Plaintiff's complaint details various disciplinary actions taken against him by defendants Monahan, Rice, Kelly, and Granados, including being put on leave, receipt of letters of intent to terminate, a pre-disciplinary hearing, and his discharge. Because these allegations arise out of the alleged disciplinary actions against him and because disciplinary actions and letters of warning are governed by the collective bargaining agreement, resolution of plaintiff's claims require examination and interpretation of the agreement. As such, plaintiff's claim for negligent infliction of emotional distress is preempted by § 301 of the LMRA.

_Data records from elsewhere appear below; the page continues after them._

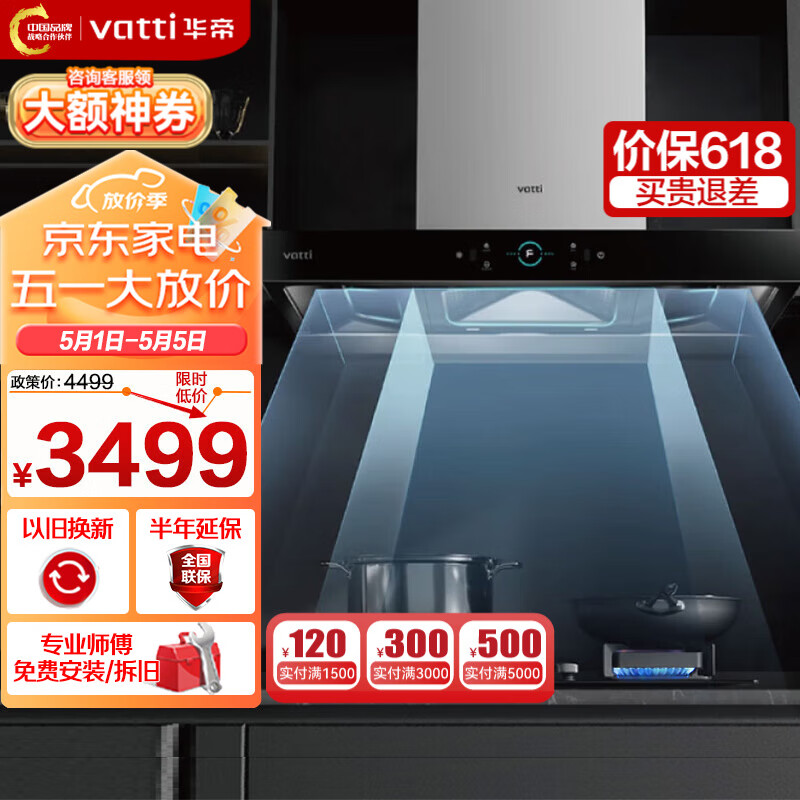 华帝(VATTI)油烟机 欧式抽油烟机燃气灶套装家用三腔变频.创世S7自动清洗24立方爆炒风量爆吸i11207厨房三件套 万人加购 烟灶套装(207烟机+5.0kW天然气)价格:3999.00元!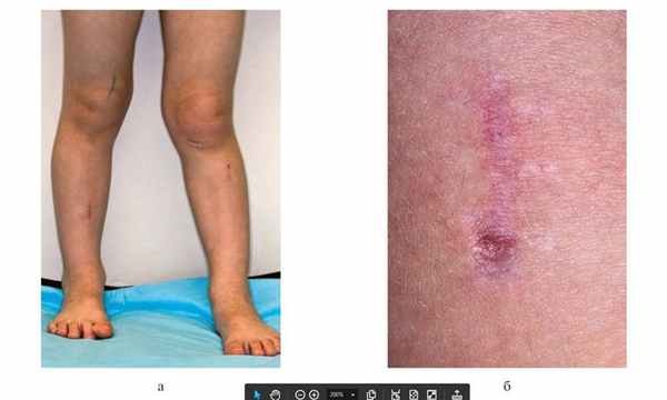 Больная П., 3 года, с диагнозом узловатая эритема направлена на консультацию в ГКБ №14 им. В.Г. Короленко. Болеет около 1 года с того момента, когда на передней поверхности голеней образовались единичные безболезненные узелки величиной с вишневую косточку. После их хирургического удаления появились новые подобные элементы (рис. 1). Рисунок 1. (а, б). Послеоперационные рубцы у девочки 3 лет с глубокой формой КГ. При обращении к хирургу с предварительным диагнозом «ушиб» направлена на рентгенологическое исследование голени в двух проекциях. Заключение: форма, контуры, структура костей обычные; костных патологических изменений не выявлено. При повторном консультировании у хирурга через 2 мес в области средней трети обеих голеней обнаружены образования до 1,5—2,0 см в диаметре, безболезненные при пальпации. Диагноз не установлен, больная направлена на консультацию к онкологу. На основании рентгенографии костей был выставлен диагноз «фиброма мягких тканей обеих голеней». При ультразвуковом исследовании мягких тканей в правой голени, в средней трети подкожно определялись образования пониженной эхогенности округлой формы, однородной структуры размером 8×5×7 мм с четкими ровными краями и овоидной формы неоднородной структуры размером 10×5×9 мм. В мягких тканях левой голени в средней трети подкожно определялось образование овоидной формы, неоднородной структуры пониженной эхогенности размером 17×9×18 мм и верхней трети — аналогичное размером 12×5×13 мм. Выдано заключение: ультразвуковые признаки опухолей.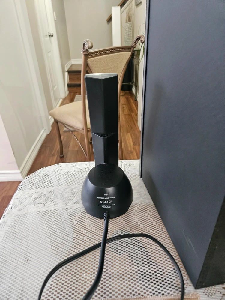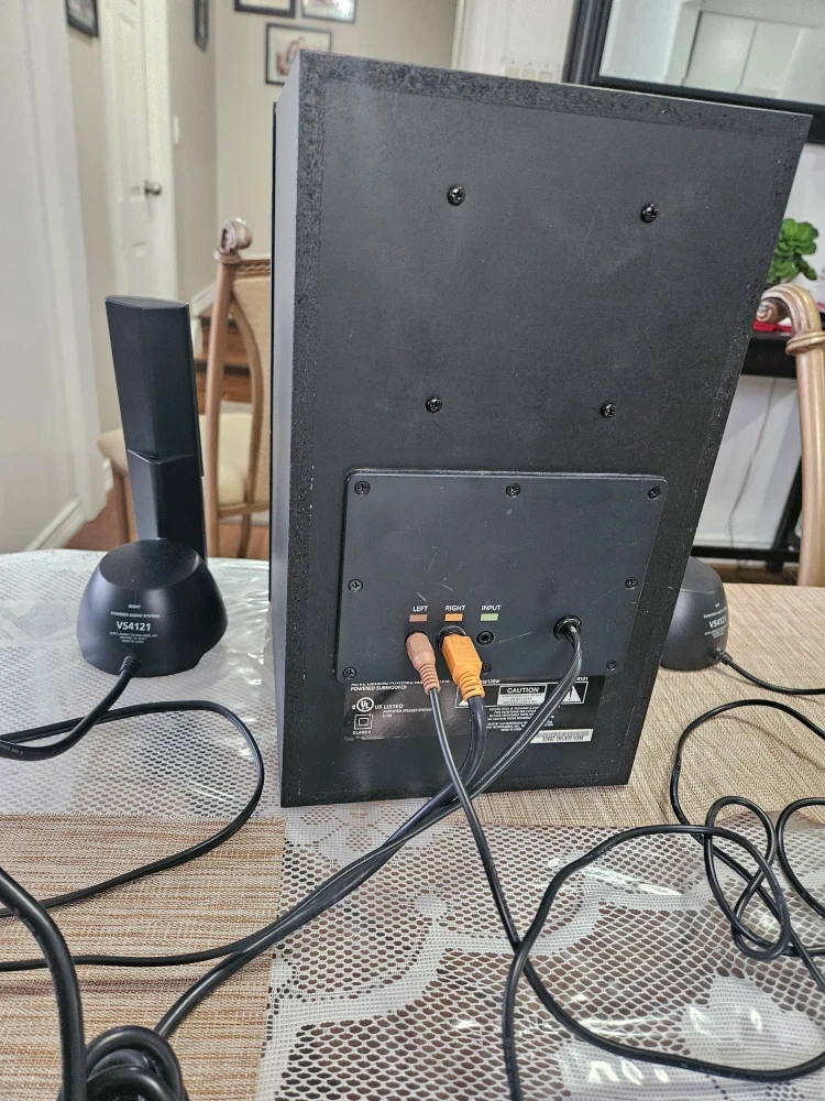 Selling an Altec Lansing VS4121 Powered Audio System. It's a 2.1 speaker system that includes two satellite speakers and a subwoofer. Perfect for your computer or home entertainment setup!

Furthermore, plaintiff's fifth cause of action is also subsumed by the Union's duty of fair representation under federal and state law. Plaintiff specifically alleges that: (1) Monahan and Rice owed a duty to be part of an unbiased investigation into any wrongdoing alleged against plaintiff; (2) Kelly owed a duty to provide plaintiff with a forum to address the allegations against him; and (3) Grenados owed plaintiff a duty to keep information provided to him in confidence. Each of these alleged duties constitute "representational activity." See Cash, 1999 U.S. Dist. LEXIS 20709, at *4; see also Richardson, 864 F.2d at 1167 ("plaintiffs did not allege any breach of a state tort duty that exists independently of the NLRA-established collective bargaining relationship, which is the central concern of the NLRA"). Because plaintiff alleged that the Union members breached a duty that arose from the Union's status as the exclusive bargaining agent, his claim for negligent infliction of emotional distress is subsumed into claims that the Union violated its duty of fair representation.

3. Breach of Contract

Plaintiff's seventh cause of action is for breach of contract against the Union. "Section 301 of the LMRA provides federal jurisdiction over '[s]uits for violation of contracts between an employer and a labor organization.' A suit for breach of a collective bargaining agreement is governed exclusively by federal law under Section 301." Smith, 2007 U.S. Dist. LEXIS 31699, at *14-15; see also Balcorta, 208 F.3d at 1108 ("The pre-emptive force of § 301 is so powerful as to displace entirely any state cause of action for violation of contracts between an employer and a labor organization.") (internal quotations omitted). Plaintiff's claim for breach of contract is based on the "contract of employment" with defendants. (Compl. ¶ 82.) As such, any resolution of this claim depends on an analysis of the collective bargaining agreement and is thus preempted under § 301.

Further, plaintiff's claim is also subsumed by claims regarding the Union's duty of fair representation because plaintiff alleges that the Union breached its contract by failing to provide him with "competent and unbiased counsel."

4. Intentional Infliction of Emotional Distress

Plaintiff's eighth cause of action is for intentional infliction of emotional distress against Monahan and Rice.*fn6 "The Ninth Circuit has held that state tort claims for IIED are preempted [by the LMRA] under some circumstances" where the evaluation of the claim is "inextricably intertwined with consideration of the terms of a labor contract." Lappin v. Laidlaw Transit, 179 F. Supp. 2d 1111, 1125 (N.D. Cal. 2001) (quoting Allis-Chalmers Corp. v. Lueck, 471 U.S. 202, 213 (1985)). For instance, the Ninth Circuit has concluded that "state tort claims for intentional infliction of emotional distress are preempted when they arise out of the employee's discharge or the conduct of the defendants in the investigatory proceedings leading up to the discharge." Scott v. Machinists Automotive Trades Dist. Lodge No. 190, 827 F.2d 589 (9th Cir. 1987). Nevertheless, when "a claim does not require interpretation of the CBA, on the other hand, preemption is not appropriate." Lappin, 179 F. Supp. 2d at 1125.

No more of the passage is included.